Congo rebel demands govt talks
The rebel Congo general laying siege to Goma demanded direct talks with the government today over ending fighting in the region.
Laurent Nkunda said he also wants the urgent disarmament of a Rwandan Hutu militia that he accuses of preying on his minority Tutsi people.
Nkunda claims the Congolese government has not protected his minority Tutsi tribe from Rwandan Hutu militia who fled to Congo after helping carry out the 1994 Rwanda genocide in which half a million Tutsis were slaughtered.
He also says the militia is being allowed to work with government forces.
“It’s not acceptable for government soldiers to be fighting alongside genociders,” Nkunda said. “We want peace for people in the region.”
Nkunda has threatened to take Goma, which is a border post with Rwanda, despite calls from the UN Security Council for him to respect a cease-fire brokered by the UN in January.
His rebellion has threatened to reignite the back-to-back wars that rocked Congo from 1996 to 2002, drawing in neighbouring African nations.
The UN’s 17,000-strong peacekeeping mission, attempting to protect the population and stop the rebellion, says it is badly overstretched and urgently needs reinforcement.
So far Nkunda has heeded UN demands that he stay out of Goma.

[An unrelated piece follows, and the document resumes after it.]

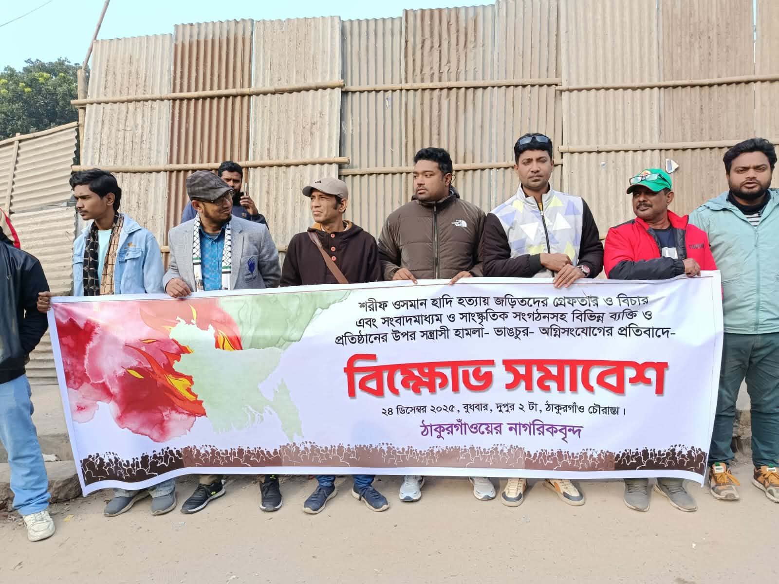 শরীফ ওসমান হাদি হত্যায় জড়িতদের গ্রেফতার করে বিচার এবং সংবাদমাধ্যম ও সাংস্কৃতিক সংগঠনসহ বিভিন্ন ব্যক্তি প্রতিষ্ঠানের উপর সন্ত্রাসী হামলা ভাঙচুর অগ্নিসংযোগের প্রতিবাদে ঠাকুরগাঁওয়ে বিক্ষোভ সমাবেশ অনুষ্ঠিত হয়েছে। বুধবার বিকেলে পৌর শহরের চৌরাস্তা এলাকায় ঠাকুরগাঁও নাগরিকবৃন্দ এর ব্যানারে এই বিক্ষোভ সমাবেশ অনুষ্ঠিত হয়।

Nkunda fought alongside Rwandan Tutsi rebels who halted the genocide and took over Rwanda, then joined the Congolese rebellion that toppled dictator Mobutu Sese Seko in 1997. But he defected from Congo’s army in 2005, when the government issued an international arrest warrant, implicating him in numerous war crimes.
Since he went on the offensive on August 28, claiming the government had broken the cease-fire, the fighting has forced more than 200,000 people from their homes.
He says he wants direct talks with the government to negotiate numerous issues but complained in particular about a 5 billion dollar agreement in which China gets access to Congo’s vast mineral riches in return for building a road and railway that would open up the remote mining interior to southern neighbours and a port on the Atlantic.
A 2001 UN investigation on the illegal exploitation of natural resources in Congo found that the conflict in the country had become mainly about “access, control and trade” of five key mineral resources: coltan, diamonds, copper, cobalt and gold.
Exploitation of Congo’s natural resources by foreign armies was “systematic and systemic,” and the Ugandan and Rwandan leaders in particular had turned their soldiers into armies of business, it said.
The conflict “has created a ’win-win’ situation for all belligerents,” the report concluded. “The only loser in this huge business venture is the Congolese people.”
In contrast to the widespread looting in Goma by fleeing troops from the Congolese army, aid workers say Nkunda’s forces have been more disciplined, taking only medicine that they need from clinics, for example.